10/28/2022, 4:36 PM
Not sure if it's where I should ask since it's about prometheus, but it's the helm chart installed via the Rancher UI. The prometheus pod keeps dying with OOM it appears. I haven't seen any more explanation so far. It's been running ok for about a week, so I wonder if it's just a sizing issue.

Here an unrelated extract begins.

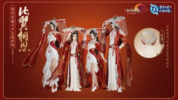 双节同庆,海量七夕豪礼今日正式上架,全新侠侣定制七夕礼盒“比翼相思”,男款超逸随便尽显侠者风范,女款雅致华美彰显魅力全体。更有全新双人舞剑交互殊效行动,剑舞惊鸿,影如逛龙!同时礼盒还附赠笠帽样子殊效背部挂件“蛮蛮”作点睛之笔,开启殊效后侠士即可带上笠帽,薄纱幂篱掩映,再添一丝微茫美感及侠客风情。比翼双飞仗剑逛江湖,仙人眷侣正如是!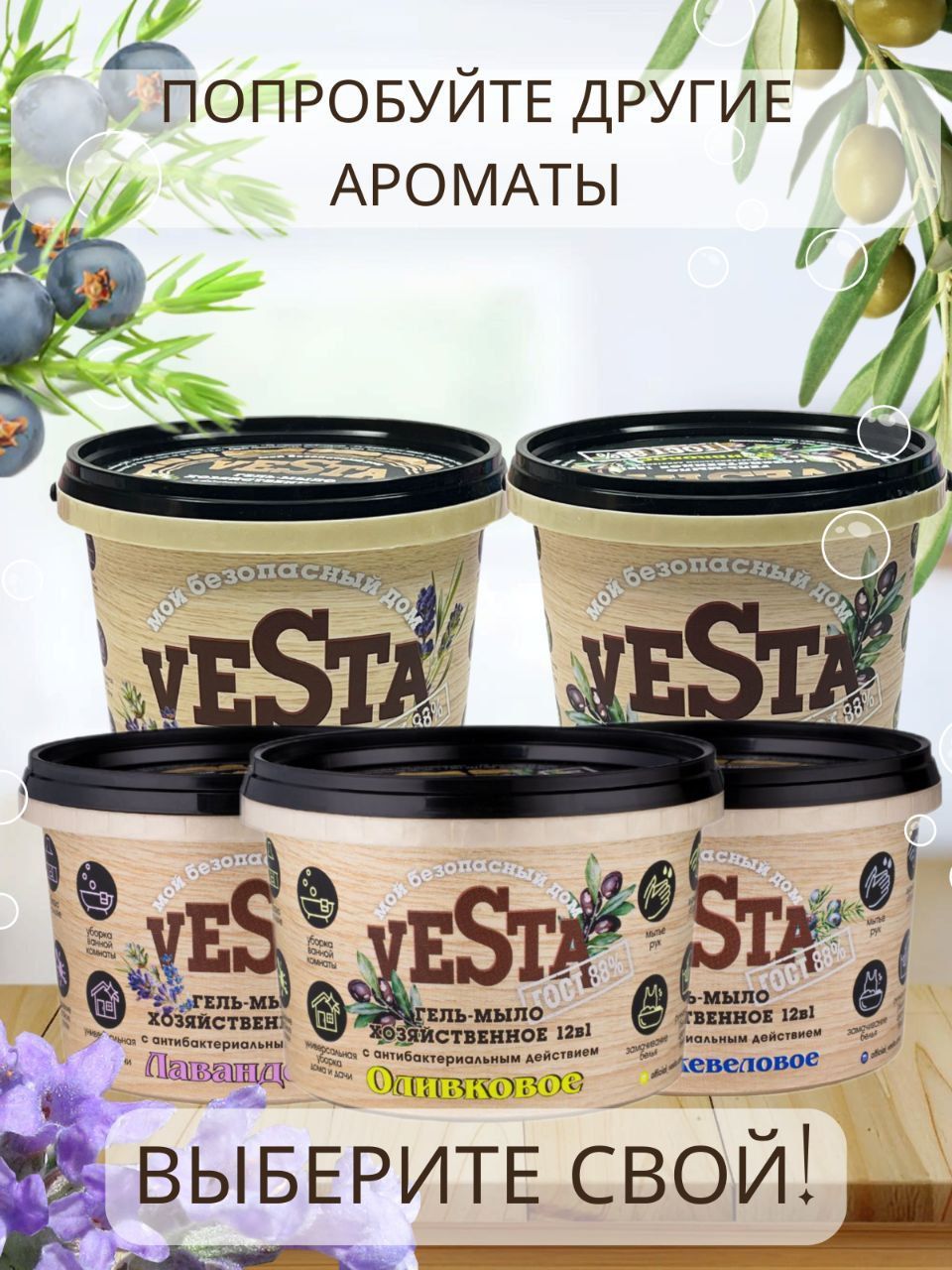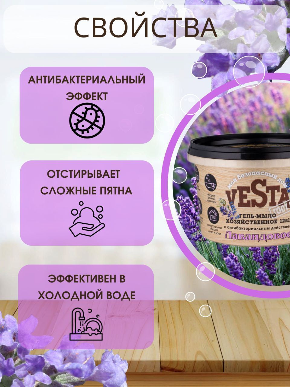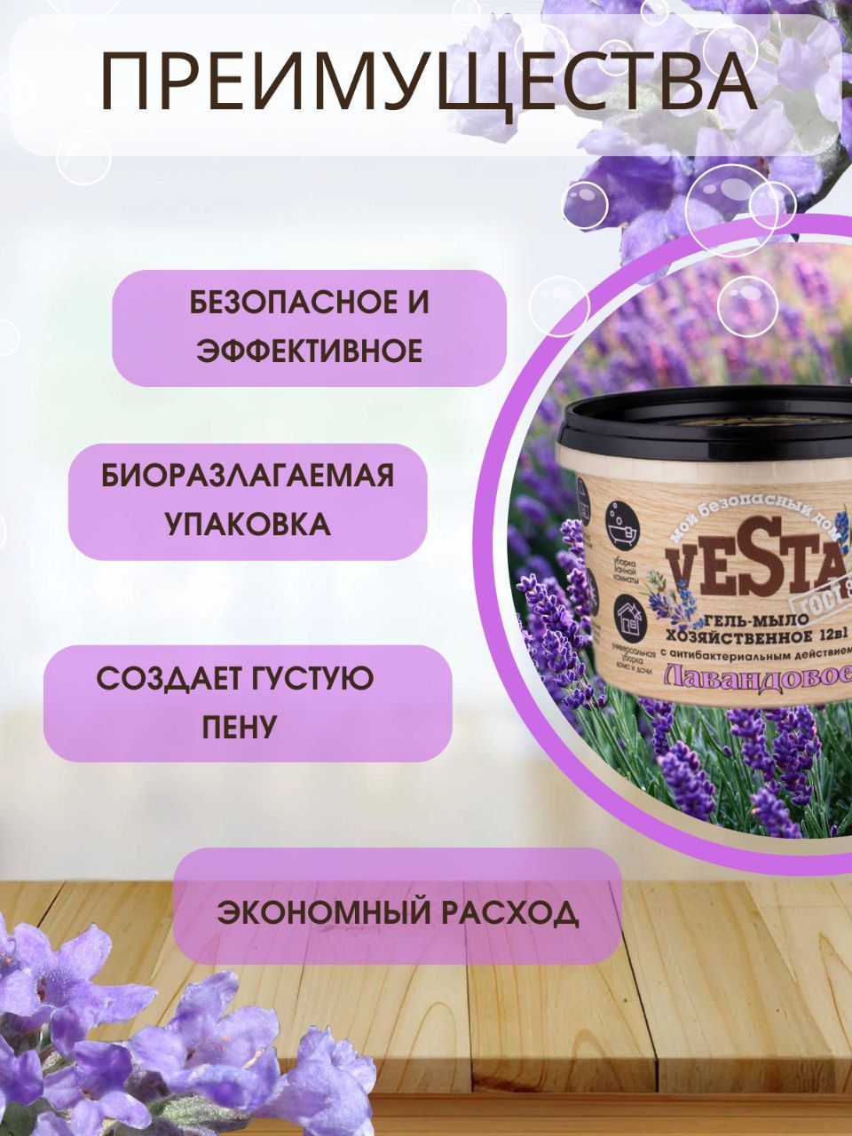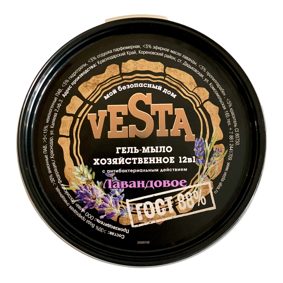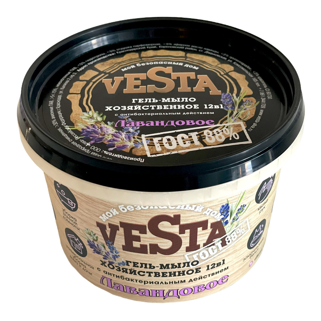 Средство моющее универсальное Гель-мыло хозяйственное VESTA Лавандовое ГОСТ 88%, 500 г

CrashLoopBackOff (back-off 5m0s restarting failed container=prometheus pod=prometheus-rancher-monitoring-prometheus-0_cattle-monitoring-system(5296c2b1-660b-4c15-a16f-b139a66b559d)) | Last state: Terminated with 137: OOMKilled (ponent=tsdb msg="WAL segment loaded" segment=207 maxSegment=208 level=info ts=2022-10-28T16:29:49.827Z caller=head.go:854 component=tsdb msg="WAL segment loaded" segment=208 maxSegment=208 level=info ts=2022-10-28T16:29:49.828Z caller=head.go:860 component=tsdb msg="WAL replay completed" checkpoint_replay_duration=12.698413338s
using the default values in the helm chart, only changed the retention to 10d. memory request 750M, limit 3GB,
Is there a way to ballpark the memory usage of the container based on the data retention, the number of dashboards etc...
I bumped the memory to 10G, and I see it is indeed using 3.7G at times.


10/28/2022, 4:53 PM
prometheus’s memory utilization isn’t really influenced by the number of dashboards. It’s more about data cardinality - how many different elements is it collecting in a period of time. More nodes / pods / services / etc will push that up. Basically, the larger your cluster, the more memory it will need.


10/28/2022, 5:00 PM
thanks. That makes a lot of sense. I was a bit lazy typing, that's what I meant in my head.